Reading gem source code
I read the source code to gems I’m working with for documentation all the time. I used to have an alias, so I could type egem capis and it would open the capistrano gem. Unfortunately, it just did an ls | head -1, so it’d grab the first gem directory that matched the argument.
gemedit is a way better implementation of that. It not only prompts you if your argument is ambiguous, but it also has bash completion built in. Add the following to your .profile and you’re set:
complete -C "/opt/local/bin/gemedit --complete" gemedit
Rake completion
Speaking of completion, I might as well add it to rake, right?
export COMP_WORDBREAKS=${COMP_WORDBREAKS/\:/} _rakecomplete() { COMPREPLY=($(compgen -W "`rake -s -T | awk '{{print $2}}'`" -- ${COMP_WORDS[COMP_CWORD]})) return 0 } complete -o default -o nospace -F _rakecomplete rake
Great! Now I can eliminate even more typing.

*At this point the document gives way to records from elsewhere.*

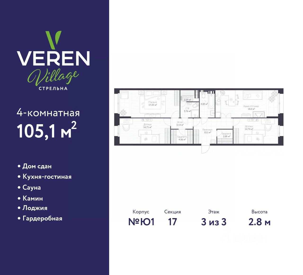 Продается 3-комн. квартира в ЖК "VEREN VILLAGE Стрельна" на 3 этаже. Квартира без отделки, после выдачи ключей можно делать ремонт. Общая площадь: 105.1 кв.м., жилая: 48.7 кв.м., площадь просторной куxни-гостиной: 18.2 кв.м. Квартира - распашонка, без проходных комнат, окна выходят на paзные стороны дома. В квартире два совмещенных санузла. Высота потолков 2.8 м.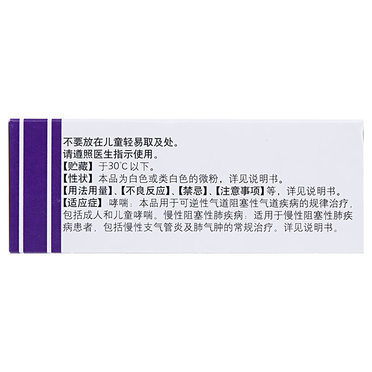 药品性状 本品为白色或类白色的微粉,密封在铝箔条内。该铝箔条缠绕在一模制的塑料装置中,这种给药装置称为准纳器®。患者通过准纳器®吸嘴吸入药物。
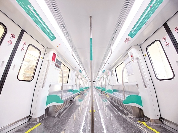 武汉地铁股份公司车辆部副经理秦鸿波介绍,19号线列车为A型车,4动2拖,6辆编组。列车最高运行速度120公里/小时。作为武汉市轨道交通运行速度最高的列车,19号线列车空调机组采用变频涡旋压缩机,实现了车内压力舒适性控制,确保乘客的舒适性。同时,客室车门和司机室侧门在地铁车辆电动塞拉门的基础上,增加了车门气密性方案,采用整体式焊接密封框,增加门板厚度。此外,设置气动辅助锁,并对车门密封胶条进行了增强,能将车辆通过隧道时或两车会车时产生的压力波动对车内的影响降至最小,有效减少、舒缓气压变化致人耳鸣等不适症状。

My ultimate automation tool, Thor
There’s a lot of tasks I do all the time: provision new boxes for Rails, start new projects, setup Apache virtual hosts, and put my SSH key on a new machine, just to start. I could write a separate script for each of these, but it seems like I should be able to collect and distribute these tasks, similar to rake tasks. Yehuda Katz wrote a tool called Thor a few months ago that fits the bill perfectly. It’s a lot like rake, but it deals with command-line arguments sanely, uses standard Ruby classes, and has a script management system.
Usting Thor and Capistrano, I’ve now got a script that provisions an Ubuntu box from the base install to a full Apache + Passenger + MySQL Rails stack. Each one of the tasks above, I was able to easily script, and I’ve put all my scripts on GitHub. Adding cypher’s thor-git scripts on top of those has taken my automation-fu to a new level.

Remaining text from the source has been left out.